● Data supplied:
[Start of Attachment]
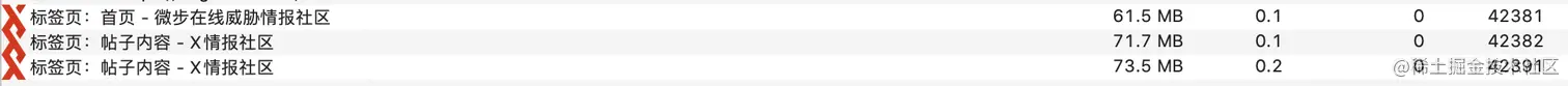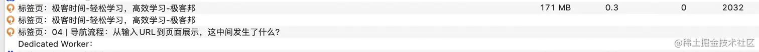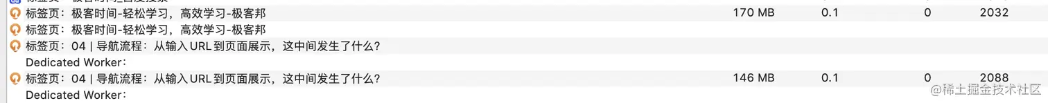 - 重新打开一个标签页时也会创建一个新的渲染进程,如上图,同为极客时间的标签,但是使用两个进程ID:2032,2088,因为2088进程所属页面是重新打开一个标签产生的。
[End of Attachment]
[Start of Attachment]
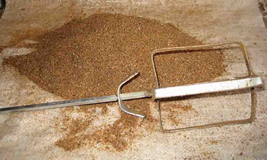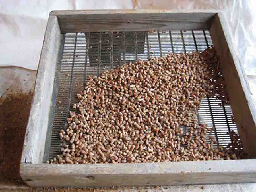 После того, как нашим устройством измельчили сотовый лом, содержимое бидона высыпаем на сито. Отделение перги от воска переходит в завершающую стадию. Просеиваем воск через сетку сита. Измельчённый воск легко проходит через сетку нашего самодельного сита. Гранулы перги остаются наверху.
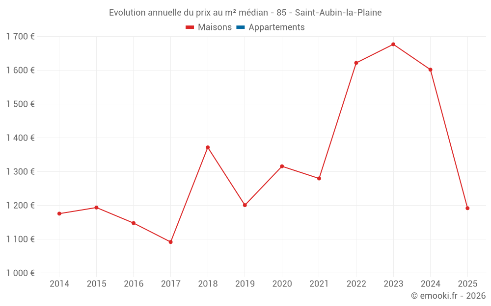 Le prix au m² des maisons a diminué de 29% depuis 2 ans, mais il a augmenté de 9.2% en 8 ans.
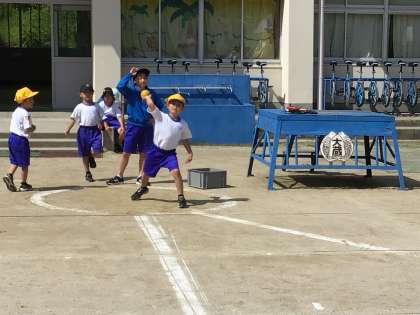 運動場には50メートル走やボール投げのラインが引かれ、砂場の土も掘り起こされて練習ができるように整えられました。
[End of Attachment]
[Start of Attachment]
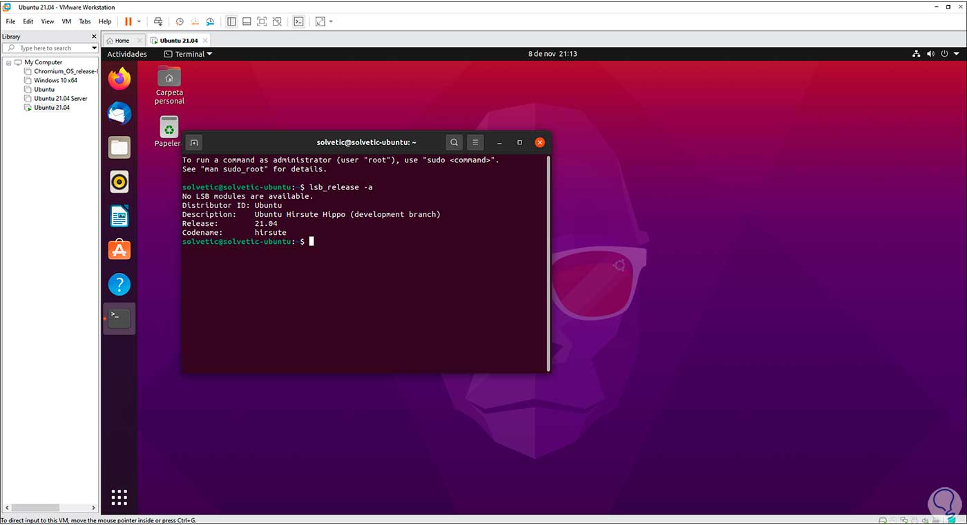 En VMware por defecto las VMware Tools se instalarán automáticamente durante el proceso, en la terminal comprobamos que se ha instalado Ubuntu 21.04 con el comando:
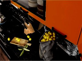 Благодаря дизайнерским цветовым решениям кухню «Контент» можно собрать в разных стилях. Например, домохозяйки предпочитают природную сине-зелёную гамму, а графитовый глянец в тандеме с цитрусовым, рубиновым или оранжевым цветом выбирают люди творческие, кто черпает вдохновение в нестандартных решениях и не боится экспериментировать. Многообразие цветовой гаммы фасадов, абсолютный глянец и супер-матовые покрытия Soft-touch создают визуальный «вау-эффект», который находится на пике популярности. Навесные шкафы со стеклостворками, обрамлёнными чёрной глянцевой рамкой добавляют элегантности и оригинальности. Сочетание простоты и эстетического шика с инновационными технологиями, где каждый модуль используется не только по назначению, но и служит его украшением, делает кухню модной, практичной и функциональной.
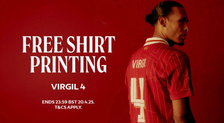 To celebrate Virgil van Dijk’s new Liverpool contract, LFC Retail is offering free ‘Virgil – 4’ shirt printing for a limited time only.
[End of Attachment]
● Exercise description:
Once the line with "После того, как" is found in the data above, reproduce it and each line after it exactly, through the line with "運動場には50メートル走やボ". Omit the pictures.

● Output of the task:
 После того, как нашим устройством измельчили сотовый лом, содержимое бидона высыпаем на сито. Отделение перги от воска переходит в завершающую стадию. Просеиваем воск через сетку сита. Измельчённый воск легко проходит через сетку нашего самодельного сита. Гранулы перги остаются наверху.
 Le prix au m² des maisons a diminué de 29% depuis 2 ans, mais il a augmenté de 9.2% en 8 ans.
 運動場には50メートル走やボール投げのラインが引かれ、砂場の土も掘り起こされて練習ができるように整えられました。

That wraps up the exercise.